— Data below —
● ● ● ● ● ● ●
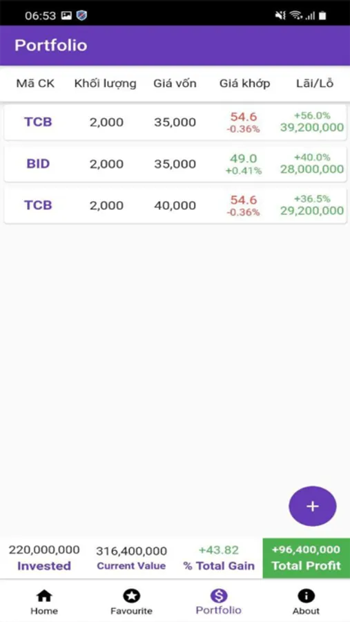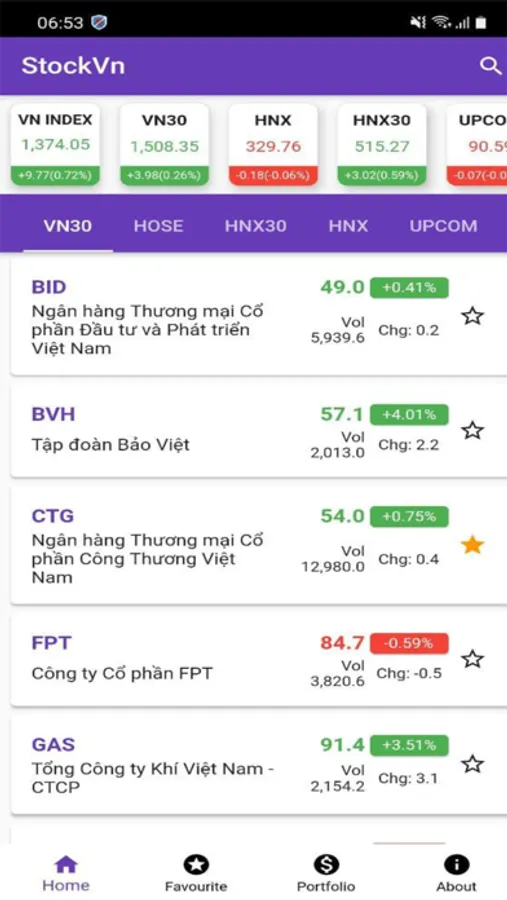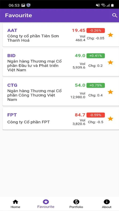 - Tính năng favourite quản lý các mã cổ phiếu được quan tâm
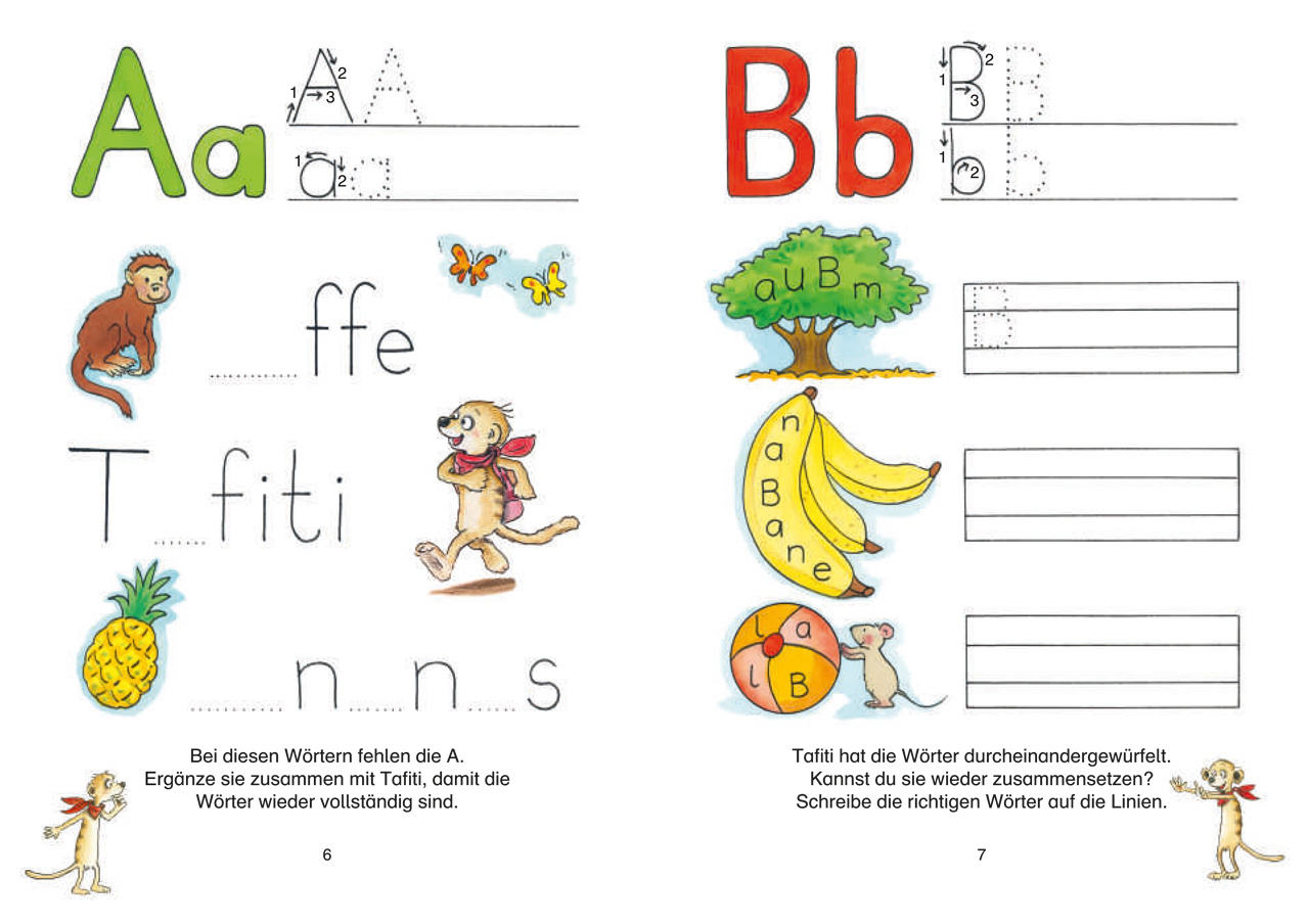 Den beliebten Character Tafiti gibt es jetzt auch im Lernhilfebereich! Zusammen mit dem Erdmännchen Tafiti lernen Schulanfänger ab 6 Jahren das Schreiben. Mit farbigen Rätseln und abwechslungsreichen Aufgaben.
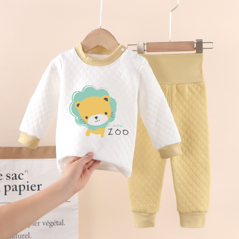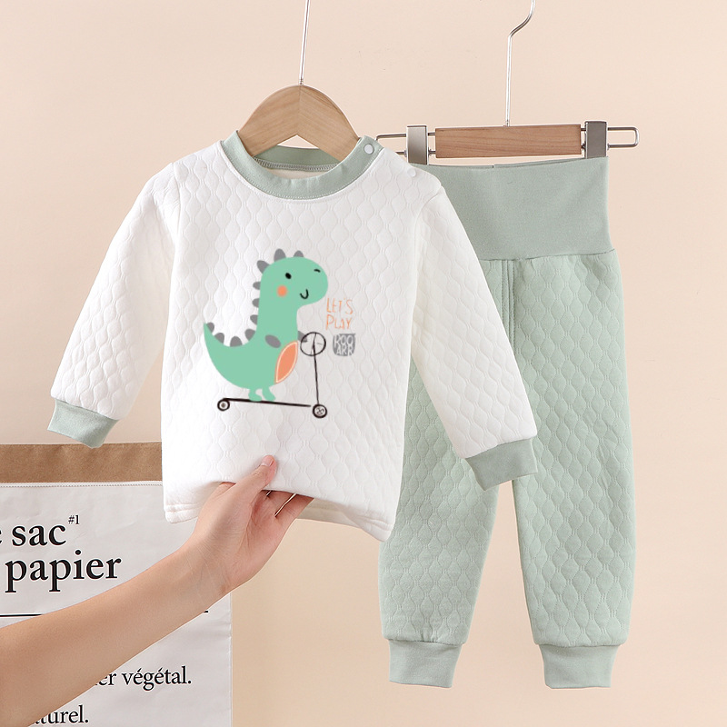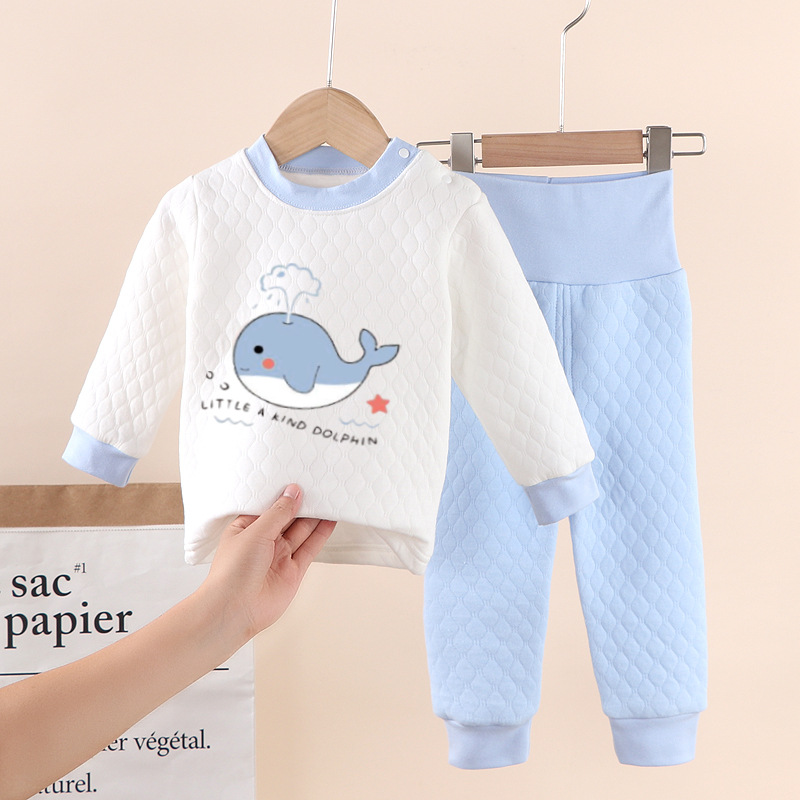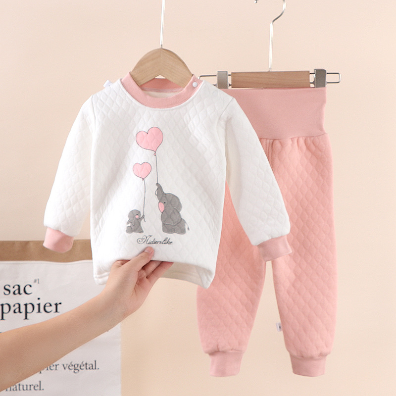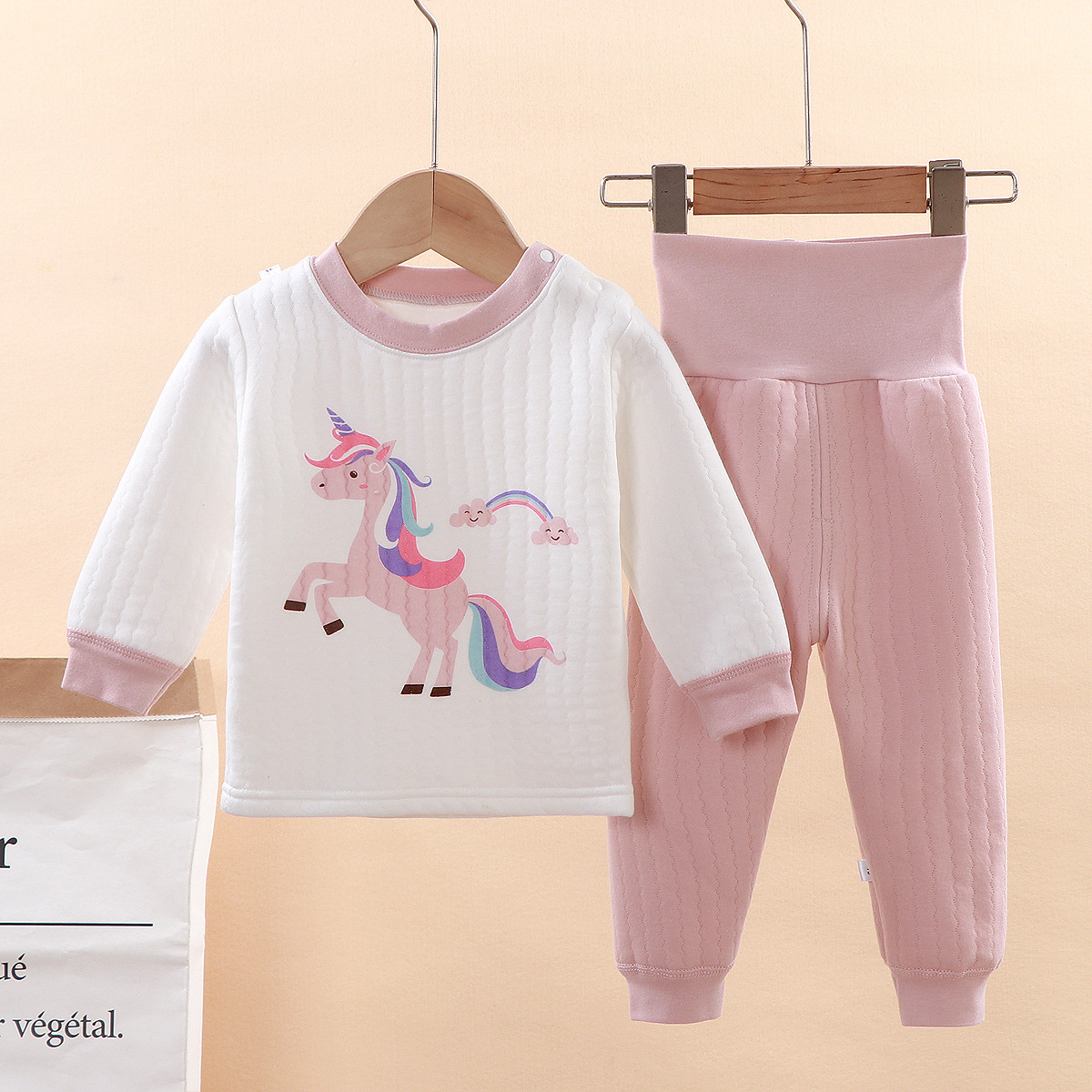 아동용 보온 속옷, 하이웨이스트 배 보호복, 면 베이비 가을 옷과 긴 바지, 3겹 보온 및 두꺼운 아동복
● ● ● ● ● ● ●
— Instructions for the task —
Only the lines from the one containing "Den beliebten Character" through the last line of the material are to be restated word for word; no picture is to be included.

— Task solution —
 Den beliebten Character Tafiti gibt es jetzt auch im Lernhilfebereich! Zusammen mit dem Erdmännchen Tafiti lernen Schulanfänger ab 6 Jahren das Schreiben. Mit farbigen Rätseln und abwechslungsreichen Aufgaben.
 아동용 보온 속옷, 하이웨이스트 배 보호복, 면 베이비 가을 옷과 긴 바지, 3겹 보온 및 두꺼운 아동복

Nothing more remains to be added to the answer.